Exercise goal
A faithful copy of the listing below is needed, one that contains no pictures.

Given information

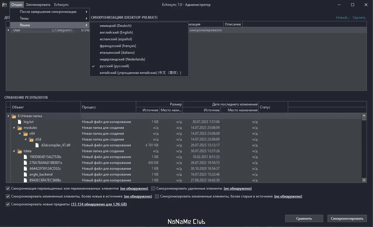 - Автоматическое определение переименованных и перемещённых файлов, что исключает их повторное копирование и ускоряет процесс.
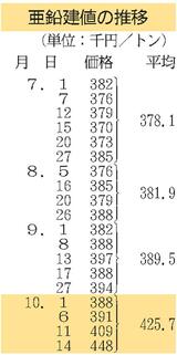 アルミ二次合金/10月後決め販売価格/20円以上唱え上げへ
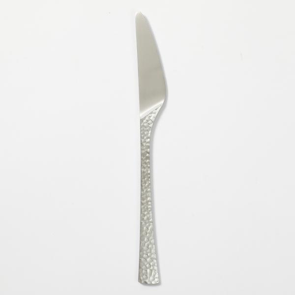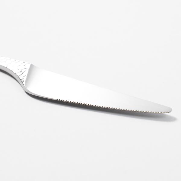 鎚目のカトラリーでも珍しく、ツボ部分にまで鎚目がつけられたディナーナイフです。全面に施された手作り感のある鎚目が暖かさと高級感を引き立ててくれて、傷も目立ちにくくなります。海外ブランドのカトラリーのように大きすぎることがなく、日本人の体のサイズに合わせたちょうどいい大きさに作られています。新潟県燕市で生産されているこちらのナイフは、持ちやすさにこだわり柄に厚みとゆるやかなカーブを持たせることで手の形にフィットするようにデザインされています。

Final answer
 - Автоматическое определение переименованных и перемещённых файлов, что исключает их повторное копирование и ускоряет процесс.
 アルミ二次合金/10月後決め販売価格/20円以上唱え上げへ
 鎚目のカトラリーでも珍しく、ツボ部分にまで鎚目がつけられたディナーナイフです。全面に施された手作り感のある鎚目が暖かさと高級感を引き立ててくれて、傷も目立ちにくくなります。海外ブランドのカトラリーのように大きすぎることがなく、日本人の体のサイズに合わせたちょうどいい大きさに作られています。新潟県燕市で生産されているこちらのナイフは、持ちやすさにこだわり柄に厚みとゆるやかなカーブを持たせることで手の形にフィットするようにデザインされています。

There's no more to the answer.